Navigating your way through the investigation and aftermath without stepping on land mines requires a careful and organized approach.
Although HIPAA contains requirements for breaches by business associates of covered entities, the focus of this article is the breach notification rule requirements for covered entities. Not all senior living communities are “covered entities” under HIPAA. Even if a senior living facility is not a HIPAA-covered entity, however, it may nonetheless be subject to other federal and state privacy laws. Further, even for covered entities, other federal and state laws may apply to a privacy or security breach or may contain more stringent privacy protections than HIPAA. Senior living operators should consult with legal counsel regarding applicable privacy and security laws governing their operations.
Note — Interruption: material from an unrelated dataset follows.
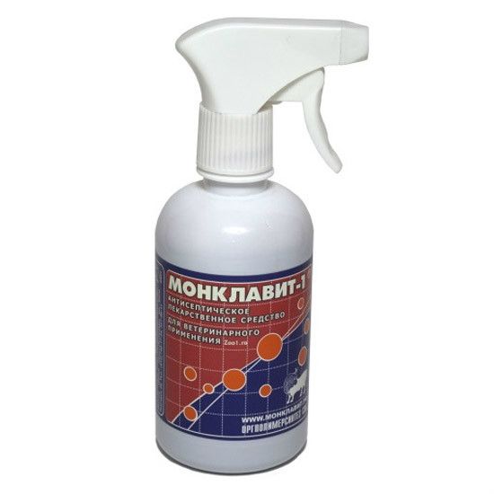 Монклавит-1 проявляет резко выраженные бактерицидные, фунгицидные и антивирусные свойства, обладает десенсибилизирующим, противовоспалительным и регенерирующим действием. Обладает высокой активностью в отношении грамотрицательных и грамположительных микроорганизмов, патогенных грибов и дрожжей: Salmonella, Pasteurella, Streptococcus, Escherichia coli, Proteus vulgaris, Aeromonas hydrophila, Pseudomonas aeruginosa, Pseudomonas anguilliseptica, Staphylococcus aureus, Candida albicans, Malassezia pachydermatis, Aspеrgillus fumigatus, Aspergillus niger, Penicillium granulatum, Fusarium graminearum, Trihophyton mentagrophytes, Flavobacterium psychrophillum, Moraxella osloensis, Microsporum canis, Micoplasma и др. Не вызывает привыкания (резистентности) у болезнетворной микрофлоры в процессе длительного применения. Препарат не обладает местно-раздражающим действием, токсичностью, аллергенностью, мутагенностью, иммунодепрессивностью, тератогенностью и канцерогенностью.
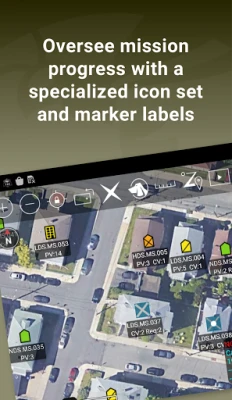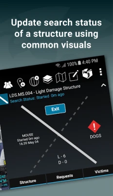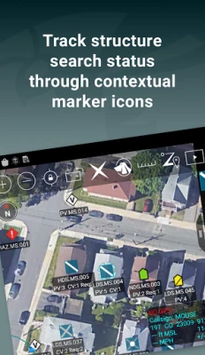 Structures can be tracked across recon, primary, and secondary search phases, using graphics based on the FEMA Search Assessment Marking. Structures of different damage levels can be marked and shared with two taps, while additional details like number of floors, construction material, and best entry location can be entered as needed.

HIPAA-covered entities include health plans, healthcare clearinghouses and healthcare providers that engage in certain electronic transactions covered by HIPAA, including electronic billing. Covered entities and their business associates (primarily vendors and contractors of covered entities that provide a service to the covered entity involving the use of individually identifiable health information, known as protected health information [PHI], under HIPAA) must comply with the applicable requirements of the HIPAA Privacy Rule and Security Rule, including the breach notification requirements established under the Health Information Technology for Economic and Clinical Health, or HITECH, Act.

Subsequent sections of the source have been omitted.